The Lands Claims Ordinance of 1842 went further. Even if the Maoris had validly sold land the land still remained demesne lands of the Crown. Section 2 says:—

"All lands within the colony which have been validly sold by the aboriginal natives thereof are vested in Her Majesty, her heirs, and successors, as part of the demesne lands of the Crown."

In 1846 the Native Land Purchase Ordinance was passed, and section 1 provides:—

"If any person shall after the passing of this Ordinance, purchase, or by writing or otherwise agree to purchase any estate or interest in land from any person of the native race, or shall by writing or otherwise agree with any such person for the purchase of the right of cutting timber or other trees, or the right of mining, or of the right of pasturing, or for the use or occupation of land; and also if any person who shall not hold a license from the Government for that purpose shall after the passing of this Ordinance, be found using or occupying any land not comprised within a grant from the Crown, either by depasturing any sheep or cattle thereon, or by residing thereon or by erecting any house or building thereon, or by clearing, enclosing, or cultivating any part thereof, or who shall be found without such license as aforesaid to have cut timber or other tress thereon, or to have gotten any mineral therefrom every such person shall upon conviction of any of the offences hereinbefore mentioned forfeit and pay any sum not less than £5 nor more than £100, to be recovered in a summary way," etc.

page 7

There were further provisions for a second penalty if the person remained in possession after conviction, and that nothing in the Ordinance was to be construed to take away or to affect any other proceeding that might be taken against persons purchasing or using land not granted by the Crown. The Royal Charter of 1846 and the Instructions issued therewith, which were both authorised by the Imperial Statute, 9 and 10, Vict., Chap. 103, contained provisions similar to these New Zealand Native Lands Ordinances. See section 14 of the Charter, and Section 11, of Chapter 13 of the Instructions.

If their Lordships had known of these New Zealand statutes and Instructions, they would not, I believe, have stated what I have just quoted from their judgment. They would, on the contrary, have said that the natives were not entitled to dispose of lands that had not been granted to them by Crown Grant or Letters Patent.

Their judgment continues:—

"It was not until 1852 that it was made unlawful for any person other than Her Majesty to acquire or accept land from the natives; 15 and 16 Vict., 72, s. 72."

This also has been penned without knowledge of the statutes and instructions already quoted.
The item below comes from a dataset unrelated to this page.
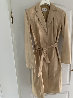 Zara Women Leder Trenchcoat Gr L Eher M Beige Ebay

The wrong section of the Constitution Act is referred to. It was not 15 and 16 Vict. c. 72 s. 72 that prohibited dealings in what wore called Maori lands, but sec. 73.

The judgment continues:—

"The founders of the charity therefore were the native donors. All that was of value came from them. The transfer to the Bishop was their doing."
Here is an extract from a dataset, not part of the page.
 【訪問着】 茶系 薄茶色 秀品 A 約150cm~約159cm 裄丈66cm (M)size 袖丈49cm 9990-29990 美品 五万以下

No doubt the Crown had agreed to reserve Witireia for the Ngatitoa tribe, and the letter quoted was a consent of the tribe to give up the occupancy of this reserve. In that sense, and in that sense only, was it the tribe's gift. The fee-simple was in the Crown, and the Crown gave that to the Bishop. The legal title came from the Crown, and in that sense the Crown was the donor.

The judgment continues:—

"When the Government had once sanctioned their gift, nothing remained to be done but to demarcate the land and place on record the fact that the Crown had waived its right of pre-emption. That might have been effected in various ways. The course adopted was to issue a Crown grant. That perhaps was the simplest way, though the Crown had no beneficial interest to pass. After all, it was simply a question of conveyancing as to which the native owners were possibly not consulted."

page 8

Here, again, their Lordships are not aware of our statutes dealing with the natives' occupancy of lands. The title, being in the Crown, could not have been conveyed to the Bishop save by the Crown.